The period of détente is over. The commission will apply every orthodox and unorthodox method to get Bello for having rubbished and repudiated every courtesy extended to him. Bello should expect no more respect for his person or rights. What will follow is a humiliating arrest that would signal the swiftest downfalls in Nigerian political history in recent memory.

Indeed, a very few trajectories in the annals of Nigerian politics compare to the high heights Bello once reached before ending in the low depths he now inhabits. His should have been one of the most heart-warming Nigerian political stories.

He was barely 40 years old when fate trumped him as the fourth democratically-elected Governor of Kogi State in the most dramatic of circumstances. He had contested the 2015 governorship primaries of the All Progressives Congress, APC, but lost to the late Prince Abubakar Audu, who had almost won the election proper.

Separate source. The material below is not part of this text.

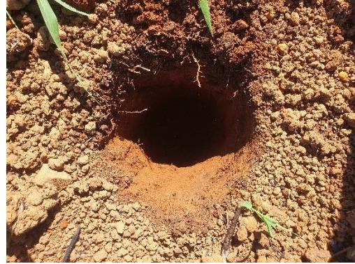
SONDEO N° 2824

Sadly, Audu died before he assumed office. As the first runner-up, Bello replaced the deceased and became the youngest governor in Nigeria at the time. He went on to win a second term, which lapsed in January 2024. The world was at his feet. And the world would have been his oyster with a modicum of responsibility and competence.

But he was an aberration in power. Across the world, there is a clamour for youth inclusion in politics. Nigeria is no exception.

Thus, there were expectations that as a youth in a leadership position, Bello would be a beacon of creative force, a source of innovation and dynamic leadership, and markedly different from the old order. But he proved to be worse.  His exuberance and sheer incompetence made him veer wildly beyond what many believed were appropriate or gubernatorial. His cascade of embarrassing gaffes crescendoed at the outbreak of COVID-19 in 2020, when he repeatedly denied the existence of the virus in his state.

He said on a TV programme, “COVID-19 is not our business in Kogi State. We have more prominent issues, more pertinent issues, more serious matters that we are attending to in Kogi State.”

When asked if he would take the vaccine publicly like other governors, he posited, “I don’t need the vaccine; nothing is wrong with me. I’m hale and hearty — 100 percent hearty.” Yet, people died of Covid-19 in Kogi unreported.

Every election held during his time was marred with violence, fraud, and thuggery. In September 2020, he was on the list of politicians that the United States Department of State placed on a visa ban for undermining democracy in Nigeria.

He flayed the decision but would later re-echo his infamous ‘ta-ta-ta-ta’ chant (an oral representation of the sound of gunfire), a call to violence, during a rally for the re-election of the late Governor Rotimi Akeredolu in Akure, Ondo State.

It should not have come to this sorry pass for Bello who should otherwise have been a political phenom judging by his divine ascendance to political power, but is now a cautionary tale and, even worse, an unwholesome testimonial of young people in a position of power.

Power, no doubt, made Bello lose contact with reality. Thus, he deserves no pity. From the height of approval that greeted his emergence on the political scene, Bello has plumbed into the depth of disdain and set himself on the path to self-immolation.

He wore his imperial hubris like a badge of honour – a result of an overestimation of his competence, accomplishments, and capabilities.

He became a classic example of how easy it is to tempt the fates, especially when garbed in undeserved and ill-fitting garments of success and leadership, which makes one feel bullet-proofed against disaster or failure.  How Bello extricates himself from this legal and political siege remains to be seen.